La cultura mediatica, invece, spesso ragiona al contrario. Tutto viene piegato alla prestazione. Devi esserci quando il mondo ti guarda, non quando ti guarda tua moglie. Devi correre dietro all’occasione professionale, anche se nel frattempo la tua famiglia sta vivendo un momento sacro. Devi dimostrare di essere forte, concentrato, competitivo. Ma forse la vera forza di un uomo si vede proprio quando sa dire: “Questa volta il mondo può aspettare”.

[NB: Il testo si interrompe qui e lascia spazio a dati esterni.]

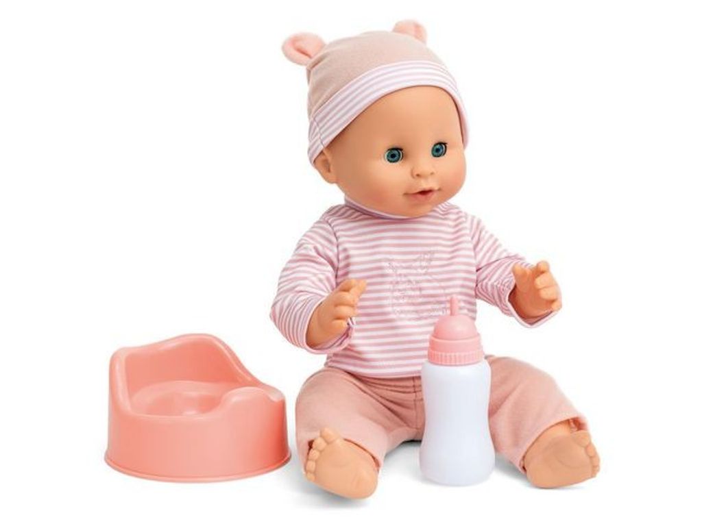 Babydockan Sara kan både dricka och kissa. Mata henne med nappflaska och potträna sen på medföljande potta, liten börjar bli stor. Dockan är 40 cm lång och blundar när man lägger henne ner för en sovstund. - Rekommenderad ålder: 12 M+ - Material: plast och textil - Mått: 40 x 15 x 8cm - Tvättråd: endast handtvätt - Ftalatfri PVC
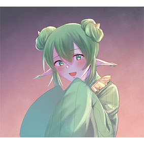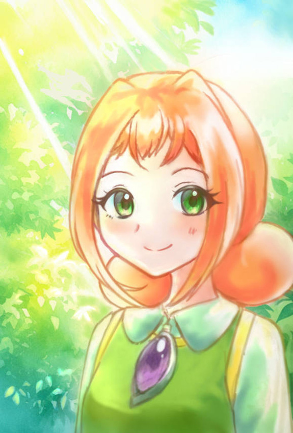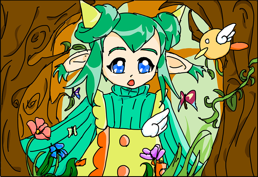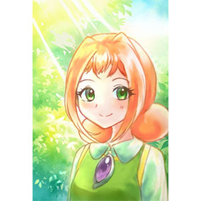 アリィを描きました。アリィは服や目の草木のような緑色や、髪の陽だまりのようなオレンジ色から、木漏れ日が良く似合うと思います。
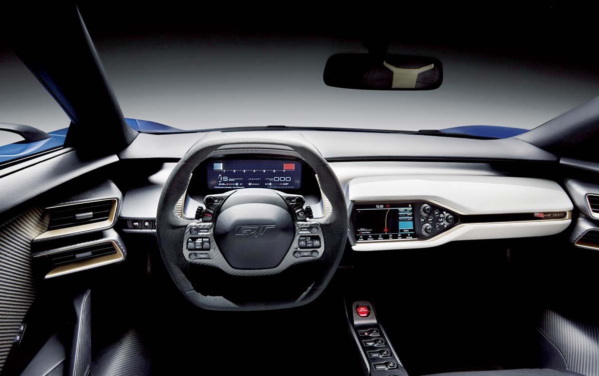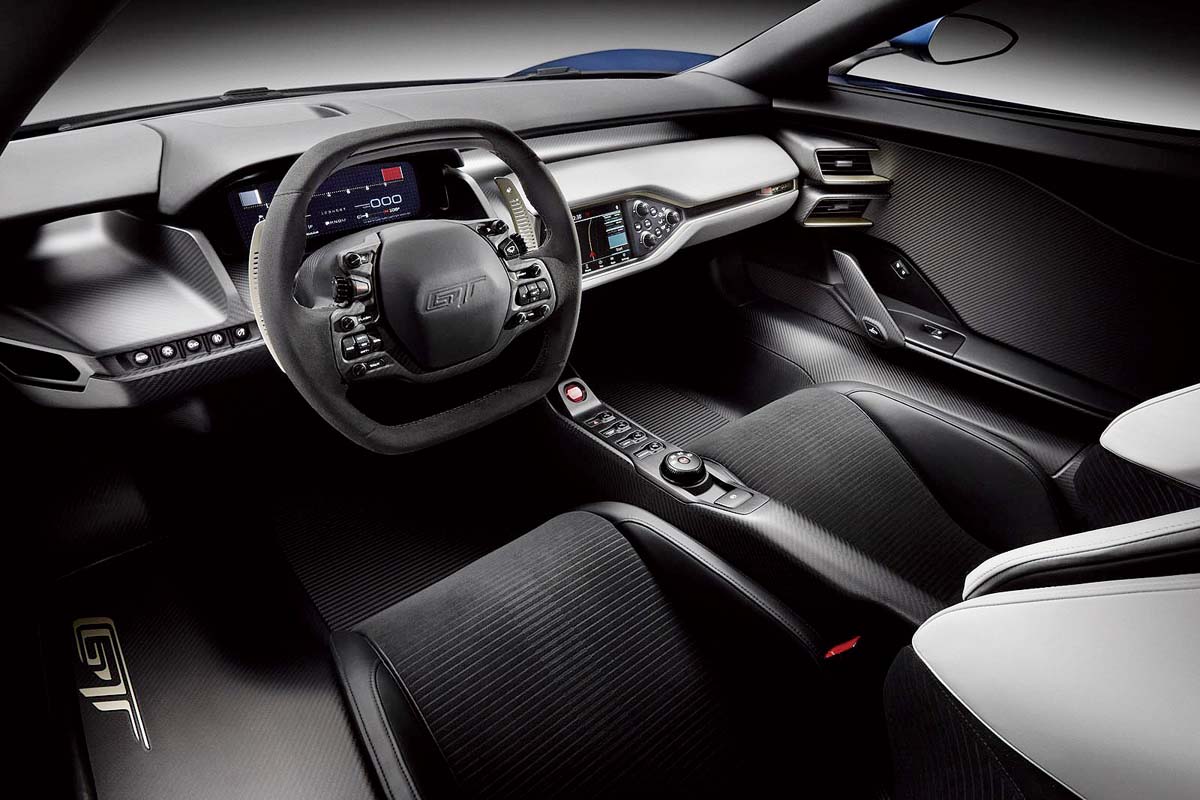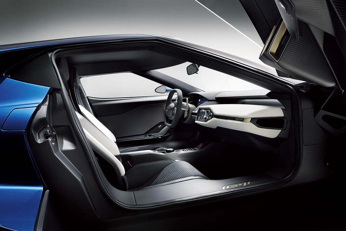 外觀方面,新一代GT採用大量折線及空力進氣口,營造出類似當代主流超跑的肌肉感。頭燈以雷射大燈科技構成,車頭下方為大型蜂巢狀水箱護罩,而上方則有2個大出風口,並於車側設計了提供中置引擎氣流的大型進氣口。同時,尾燈則以雙圓燈來鋪陳。輪圈搭載20吋鋁合金規格,並搭配了Michelin Pilot Super Sport Cup 2輪胎,以及Brembo碳纖維陶瓷複合煞車碟盤。另外,車門則為上開式設計。碳纖維車艙內有兩張賽車座椅,並有F1風格的多功能方向盤搭配液晶儀錶板。Ford原廠也為此車配備了SYNC 3多媒體資訊娛樂系統,同時採用QNX平台。雖然要到2016年底才正式量產,不過目前Ford已與Xbox One合作,讓新款GT提前在賽車遊戲Forza Motorsport 6中,與Shelby GT350 Mustang及F-150 Raptor同時登場。等不及的車迷可先享受駕馭虛擬Ford GT的感受。

Non c’è nulla di debole in un padre che lascia un ritiro per andare da sua moglie e da suo figlio. C’è, al contrario, qualcosa di profondamente virile, nel senso più bello del termine. C’è un uomo che capisce che la paternità non comincia quando il bambino impara a parlare, a camminare o a giocare a pallone. Comincia prima. Comincia quando tu scegli di non lasciare sola la madre nel momento in cui vostro figlio viene alla luce. Un figlio non appartiene solo alla madre. Un figlio è affidato a una comunione. E quando un padre sceglie di esserci, non ruba spazio alla madre. La onora. Non invade un momento femminile. Lo custodisce. Non serve perché “fa” qualcosa. Serve perché ama. E l’amore, nei momenti decisivi, non può mandare un delegato.
La nascita di un figlio è una soglia. E su quella soglia un padre non è inutile. È necessario. Non perché sostituisce la madre, ma perché dice con il corpo, con la presenza, con la scelta: “Io ci sono. Per te. Per nostro figlio. Per questa famiglia che nasce oggi”.